:: DATA SECTION ::
******

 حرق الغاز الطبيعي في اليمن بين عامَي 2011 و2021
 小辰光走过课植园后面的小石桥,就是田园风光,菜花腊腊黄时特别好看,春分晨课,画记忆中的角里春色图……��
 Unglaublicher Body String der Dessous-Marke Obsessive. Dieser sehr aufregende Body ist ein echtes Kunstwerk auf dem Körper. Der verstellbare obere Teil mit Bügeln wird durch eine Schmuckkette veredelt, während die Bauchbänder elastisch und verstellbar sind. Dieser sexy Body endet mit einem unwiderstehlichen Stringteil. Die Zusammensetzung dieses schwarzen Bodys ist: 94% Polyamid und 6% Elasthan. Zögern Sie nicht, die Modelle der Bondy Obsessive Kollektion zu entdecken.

******

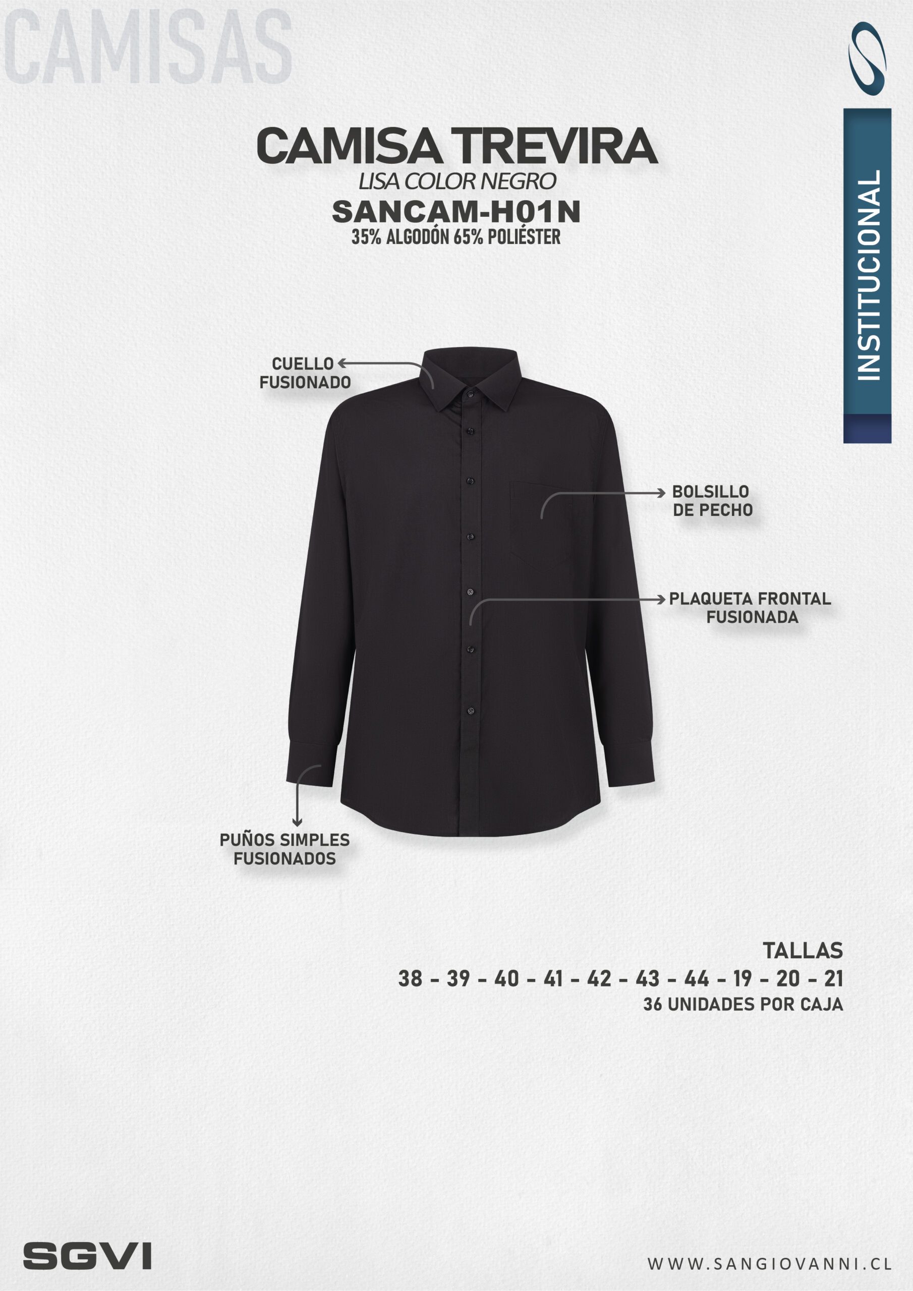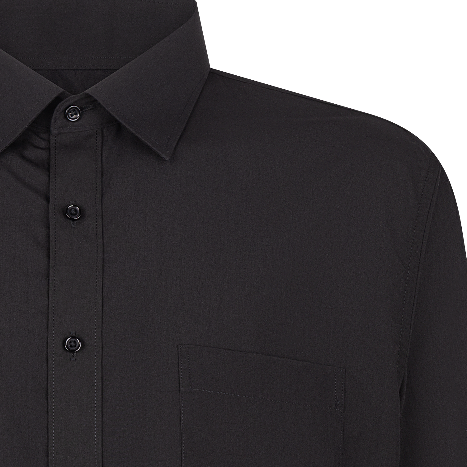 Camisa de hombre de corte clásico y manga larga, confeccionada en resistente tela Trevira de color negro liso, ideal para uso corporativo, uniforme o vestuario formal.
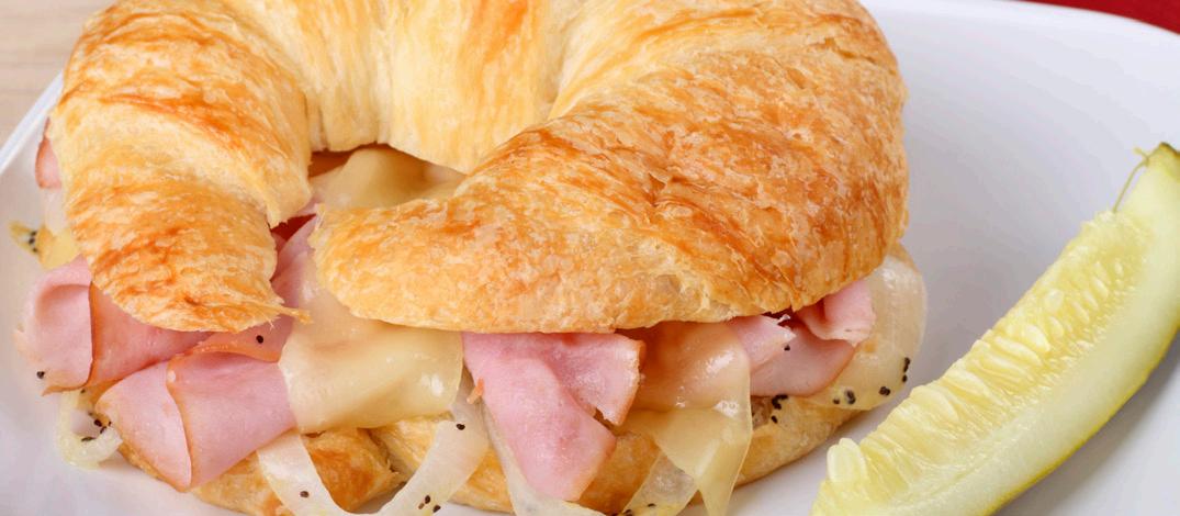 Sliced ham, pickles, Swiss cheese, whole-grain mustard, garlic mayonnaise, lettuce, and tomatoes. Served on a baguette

******

Only the lines starting at the one that includes "Camisa de hombre" and ending at the one that includes "Sliced ham, pickles, Swiss" should be retyped, exactly, from the records above; no pictures.

:: SOLUTION ::
 Camisa de hombre de corte clásico y manga larga, confeccionada en resistente tela Trevira de color negro liso, ideal para uso corporativo, uniforme o vestuario formal.
 Sliced ham, pickles, Swiss cheese, whole-grain mustard, garlic mayonnaise, lettuce, and tomatoes. Served on a baguette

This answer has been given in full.